Of Arranging Books there is no End

[First in a series of posts about books, shelves, and — wait for it — bookshelves. Walter Benjamin’s essay “Unpacking my Library” is a model of the form, and Anne Fadiman’s Ex Libris: Confessions of a Common Reader is more recent.]

I got a stack of books for my ninth birthday. They were the types of books that kids read in the 1980s: Gordon Korman’s Macdonald Hall series; Roald Dahl’s Wonderful Story of Henry Sugar; Beverly Cleary’s Dear Mr. Henshaw. Three decades later, I remember that stack being about four feet high, but it was probably shorter. I took them to my room and arranged them, three separate times, on shelves: first by author, then by size, then by the order I would read them. I experimented with different shelving regimens everywhere in my room: alphabetically by author; by genre (science books here, Archie digests there); by size; and by series.
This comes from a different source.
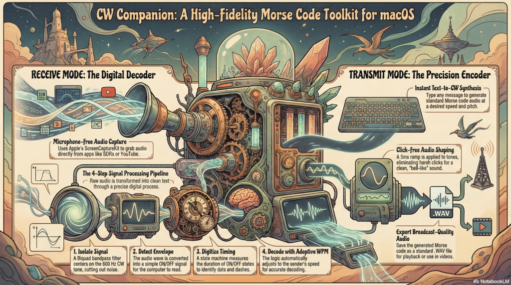 The technical power of CW Companion relies on a strict linear DSP (Digital Signal Processing) pipeline built on Swift 5 and modern macOS frameworks.
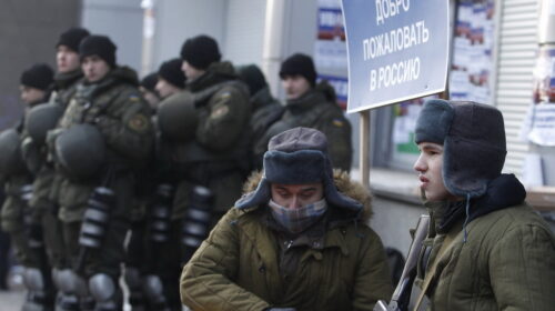 Активісти проти російських банків. Зранку 30 січня в Києві біля низки центральних офісів дочірніх компаній російських банків (“Сбербанк России”, Промінвестбанк, ВТБ-Банк, БМ-Банк та Альфа-Банк) було гаряче. Їх пікетували активісти політичної партії «Національний корпус». Це були такі собі театралізовані виступи з балалайками на тему “забирайтеся геть”, гаслами: “Ласкаво просимо до Росії”. Активісти обклеїли вітрини банків плакатами, вимагаючи закрити пов’язані з Росією українські фінустанови. Відомості про подію зареєстровані в Журналі єдиного обліку заяв та повідомлень про вчинені кримінальні правопорушення та інші події Шевченківського управління поліції, повідомляють правоохоронці. На фото: пікет біля “Сбербанка…

That was the beginning, I think, of a series of book-arrangements I’ve since indulged at the key transitions in my life: my first dorm room, first apartment, and first house; my first library carrel, first cubicle, and first office. On shelves from Winnipeg to Vancouver to Montreal to Cambridge to Toronto to Calgary. And some books have made all five of those journeys with me.

Everything changed in first-year university. I bought my first Norton Anthology, and learned about literary chronologies: Wordsworth after Pope, Dickens before Woolf, and so on. My friends and I scoured remainder piles for Oxford World’s Classics and Penguin Classics — assembling our versions of the Platonic ideal we envied, the Penguin Classics full set (1,082 books for a mere $13,413). In my first office at the University of Calgary, I set up the chronological scheme I use today: from classical to biblical to English (Anglo-Saxon to contemporary); poetry here and drama there. (Novels are relegated to home.)

My shelves hold the records of my history, like my battered Macbeth from high school — but also my future ambitions: to read all the way through a reasonably comprehensive set of representative authors and genres from every period of history, an accordion-like Norton Anthology in bookshelf form.